§ **TASK PROMPT**: Copy out the entries that follow exactly, leaving out the pictures.

___ EXTRACTED MATERIAL ___

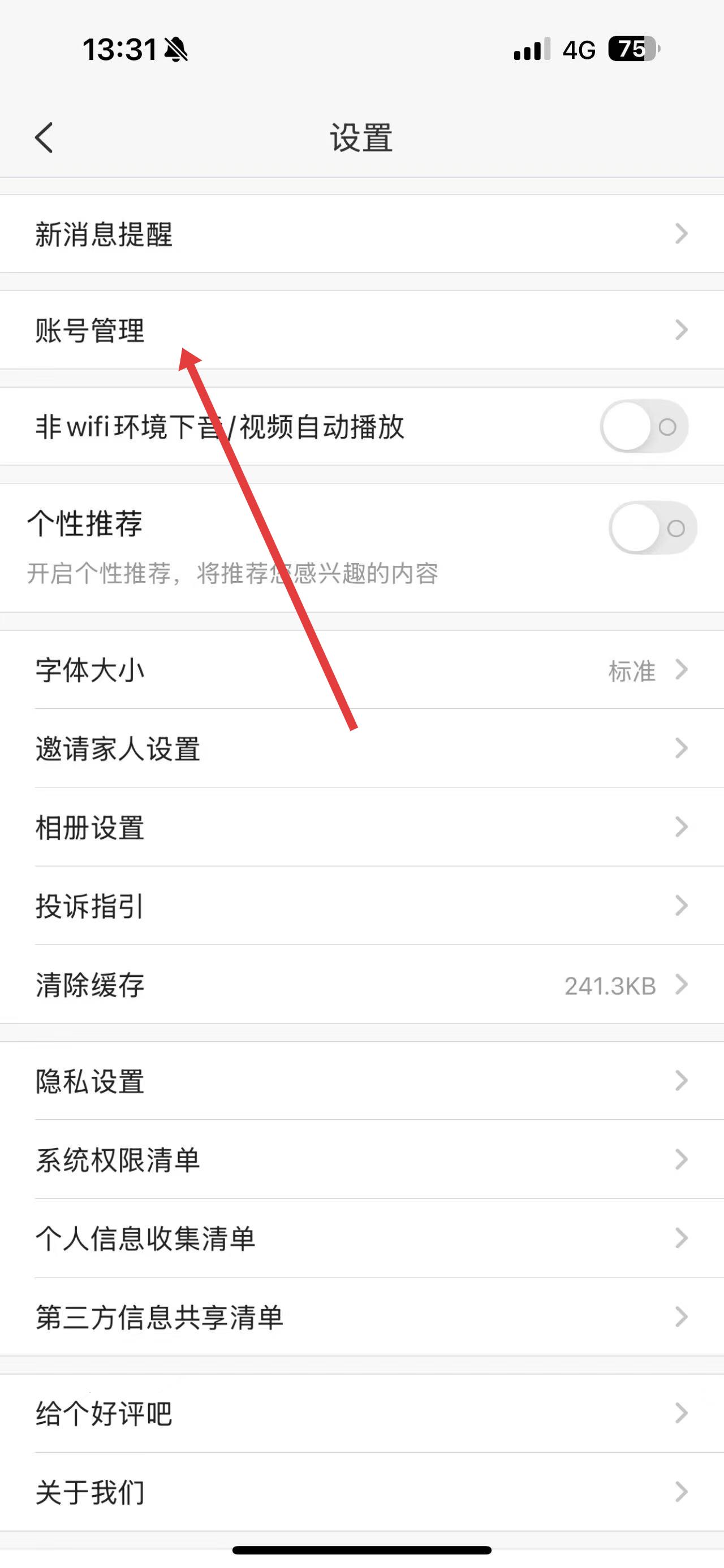 2、在設(shè)置界面中,找到并點(diǎn)擊賬號管理選項(xiàng)。
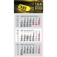 Papierwandkalender mit 3 Monaten auf 3 einzelnen Blöcken, Druck auf angehefteter Kopflasche, 4-sprachig (D, GB, F, NL)
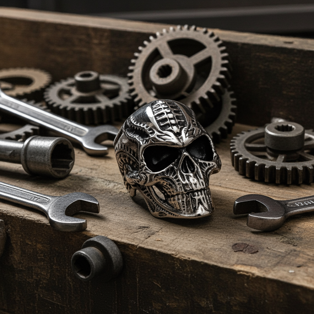 Men's big skull ring with a biomechanical look to it. nice wide shank gives this skull ring a secure fit and feel. Made by Heavy Metal Jewelry.
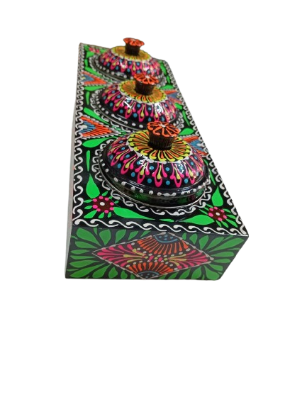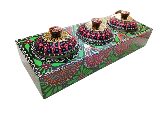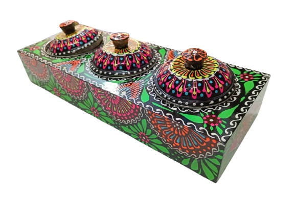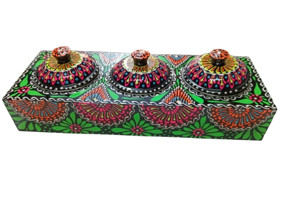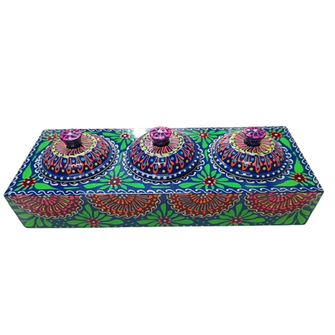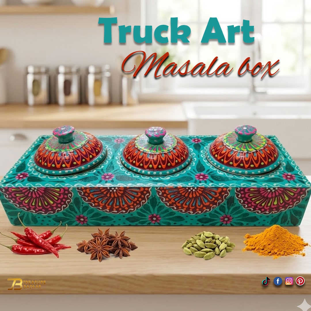 A beautifully handcrafted chamakpatti masala box tray with three compartments, featuring vibrant truck art design. Perfect for organizing spices in style.
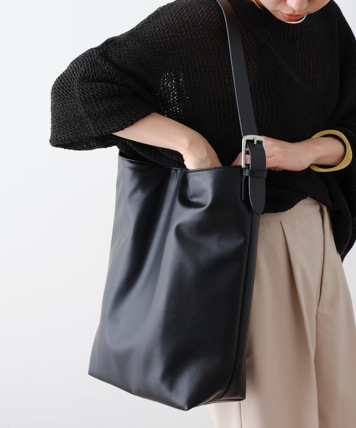 ・ハンドル部分がベルトで調節可能で、トートでもショルダーでもお使いいただけます。

___

§ **ANSWER FOR THIS EXERCISE**:
 2、在設(shè)置界面中,找到并點(diǎn)擊賬號管理選項(xiàng)。
 Papierwandkalender mit 3 Monaten auf 3 einzelnen Blöcken, Druck auf angehefteter Kopflasche, 4-sprachig (D, GB, F, NL)
 Men's big skull ring with a biomechanical look to it. nice wide shank gives this skull ring a secure fit and feel. Made by Heavy Metal Jewelry.
 A beautifully handcrafted chamakpatti masala box tray with three compartments, featuring vibrant truck art design. Perfect for organizing spices in style.
 ・ハンドル部分がベルトで調節可能で、トートでもショルダーでもお使いいただけます。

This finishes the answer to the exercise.